From the monument on the John Weickert farm at Gettysburg:

Left Manchester, Md. at 9 p.m. July 1st and arrived at Rock Creek on the Baltimore Pike at 2 p.m. of the 2nd. Towards evening the Brigade moved rapidly to the front to support the Union left, this Regiment deploying on the right of Little Round Top, and advanced with the 1st Brigade Penna. Reserves, driving the enemy into the Wheatfield.”

Retired to and held this position until the evening of the 3rd when the Regiment moved with the Penna.

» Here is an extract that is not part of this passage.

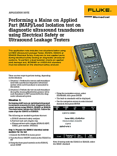 This application note includes two situations below using ULT800 Ultrasound Leakage Tester, ESA612, ESA615 or ESA620 Electrical Safety Analyzers to test applied parts during electrical safety testing on diagnostic ultrasound systems. To perform a lead isolation (mains on applied part) leakage test, IEC60601 or ANSI/AAMI standard must be selected on the electrical safety analyzer.
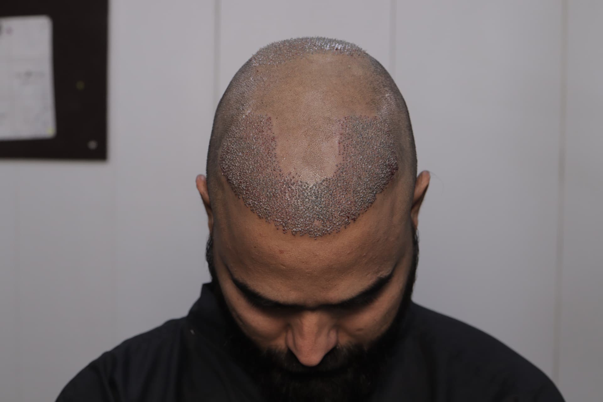 His scalp and donor area were thoroughly examined.

Reserve and advanced about 900 yards to the position indicated by a greek cross tablet, and assisted in forcing the enemy back. Subsequently returned to this position.

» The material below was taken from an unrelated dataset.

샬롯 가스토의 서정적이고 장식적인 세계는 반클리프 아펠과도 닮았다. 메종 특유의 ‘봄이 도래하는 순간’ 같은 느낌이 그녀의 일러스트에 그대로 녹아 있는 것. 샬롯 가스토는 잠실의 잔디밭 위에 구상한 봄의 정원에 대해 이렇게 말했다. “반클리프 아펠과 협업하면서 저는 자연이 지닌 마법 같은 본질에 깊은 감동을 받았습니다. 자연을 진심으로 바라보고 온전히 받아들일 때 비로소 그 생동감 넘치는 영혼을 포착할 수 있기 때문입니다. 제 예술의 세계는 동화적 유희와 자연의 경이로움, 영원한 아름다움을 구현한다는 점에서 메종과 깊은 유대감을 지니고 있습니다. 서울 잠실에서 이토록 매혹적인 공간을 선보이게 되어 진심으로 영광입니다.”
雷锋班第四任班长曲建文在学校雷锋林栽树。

Present at Gettysburg 511. Killed and mortally wounded 4, wounded 16.

July 5-24 Pursuit of Lee
August-Otcober Duty on line of the Rappahannock and Rapidan
October 9-22 Bristoe Campaign
November 7-8 Advance to line of the Rappahannock
November 7 Rappahannock Station
November 26-December 2 Mine Run Campaign
December At Harper’s Ferry
1864
January Attached to Wheaton’s Brigade, Dept. of West Virginia
March Attached to 1st Brigade, 2nd Division, 6th Army Corps, Army of the Potomac
May 4-June 12 Rapidan Campaign
May 5-7
Battle of the Wilderness
May 8-21
Battle of Spotsylvania Court House
May 12 Assault on the Salient
May 23-26 North Anna River
May 26-28 On line of the Pamunkey
May 28-31 Totopotomoy
June 1-12
Cold Harbor
June 17-18 First Assault on  Petersburg
June 22-23 Jerusalem Plank Road, Weldon Railroad
July 9 Siege of Petersburg
July 9-11 Moved to Washington, D.C.
July 11-12 Repulse of Early’s attack on Washington
July 14-24 Pursuit to Snicker’s Gap
August to December Sheridan’s Shenandoah Valley Campaign; attached to Army of the Shenandoah
August 13 Near Strasburg
August 21-22 Near Charlestown
September 13 Demonstration on Gilbert’s Ford, Opequan
September 19
Third Battle of Winchester (Opequan)
September 21 Strasburg
September 22
Fisher’s Hill
October 19
Battle of Cedar Creek
October-December Duty in the Shenandoah Valley
December 9-12 Moved to Petersburg, Va.
December Siege of Petersburg
1865
February 5-7 Dabney’s Mills, Hatcher’s Run
March 25 Fort Fisher, Petersburg
March 28-April 9 Appomattox Campaign
April 2 Assault on and fall of Petersburg
April 3-9 Pursuit of Lee
April 6 Sailor’s Creek
April 9
Appomattox Court House

Surrender of Lee and his army.

April 23-27 March to Danville and duty there
May 23-June 3 March to Richmond, Va., then to Washington, D.C.